| Task item |
Locate the string "Figure" in the records below. Copy every line where it occurs.

| Supplied material |
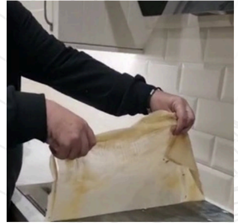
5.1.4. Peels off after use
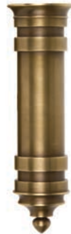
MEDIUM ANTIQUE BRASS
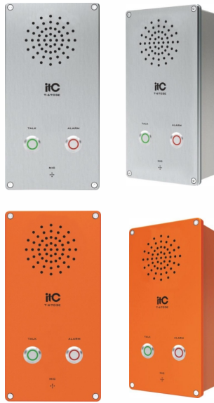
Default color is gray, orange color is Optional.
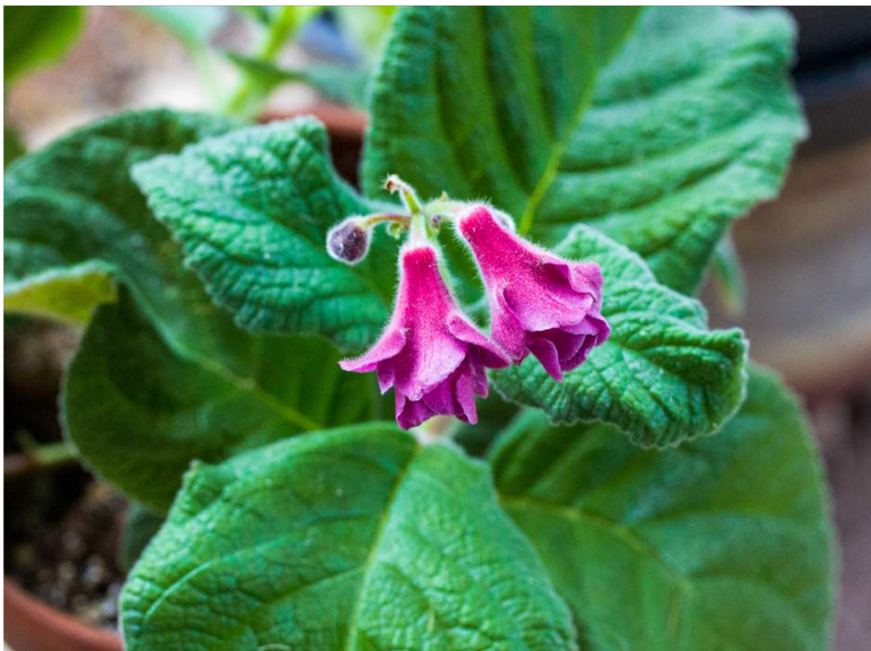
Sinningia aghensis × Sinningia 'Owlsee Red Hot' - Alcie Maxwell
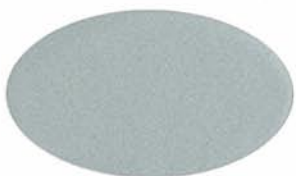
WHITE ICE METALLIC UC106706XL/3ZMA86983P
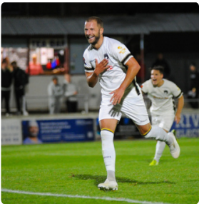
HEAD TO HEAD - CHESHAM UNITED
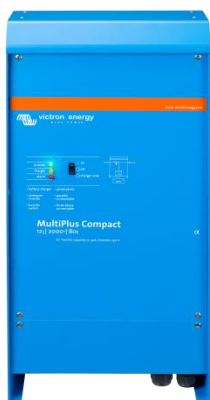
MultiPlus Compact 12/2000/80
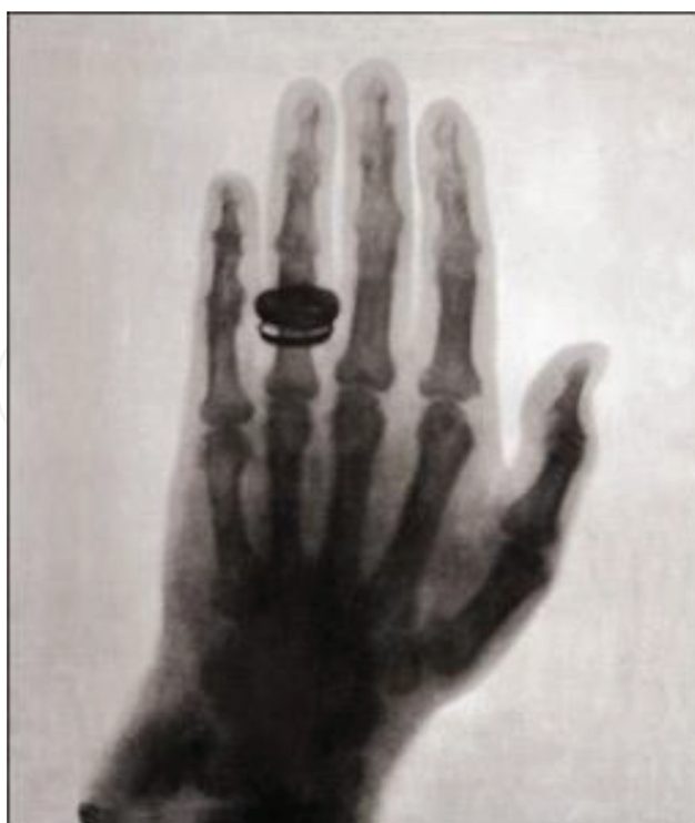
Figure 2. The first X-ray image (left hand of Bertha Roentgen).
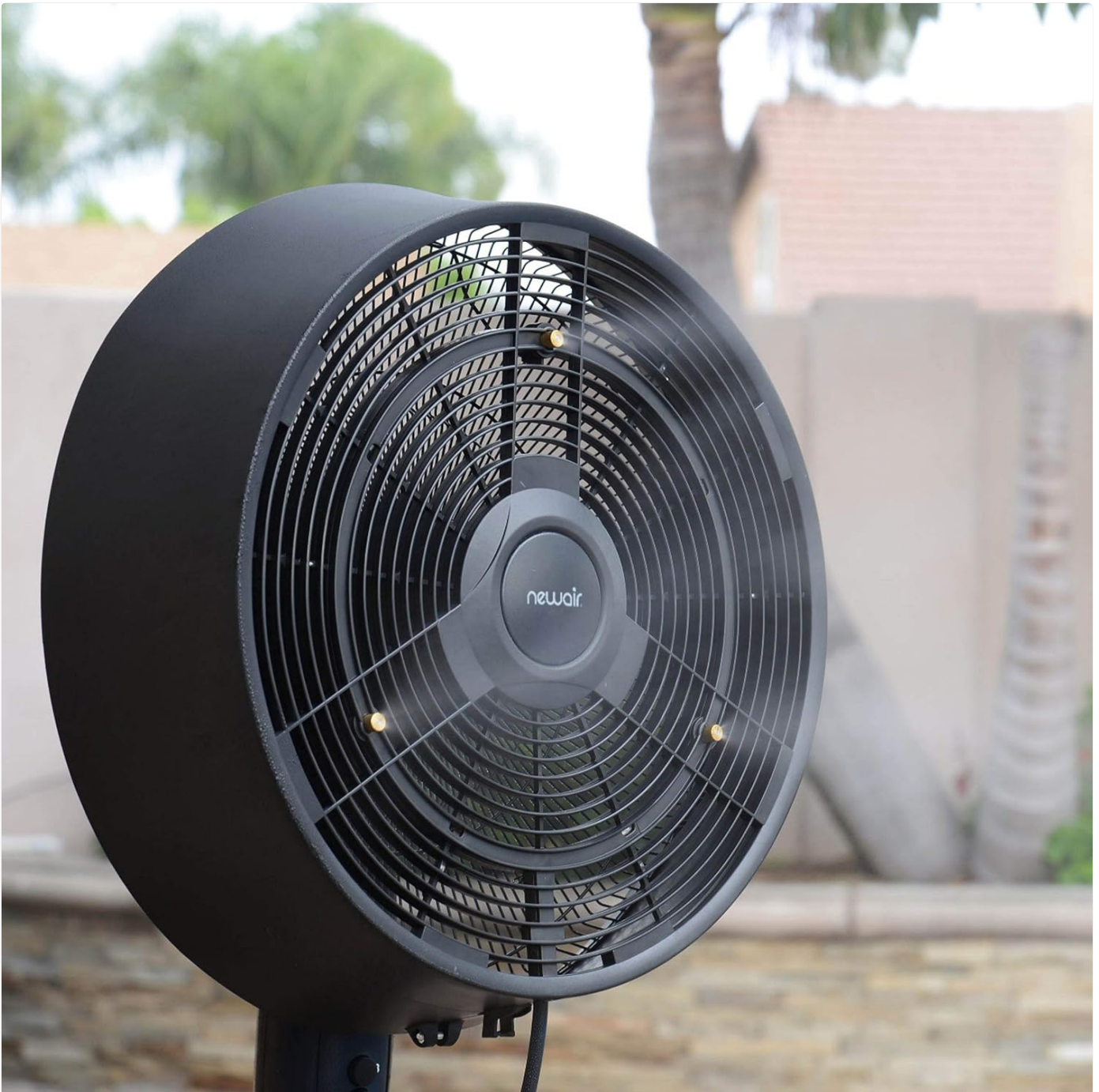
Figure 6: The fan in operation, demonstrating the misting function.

| Response |
Figure 2. The first X-ray image (left hand of Bertha Roentgen).
Figure 6: The fan in operation, demonstrating the misting function.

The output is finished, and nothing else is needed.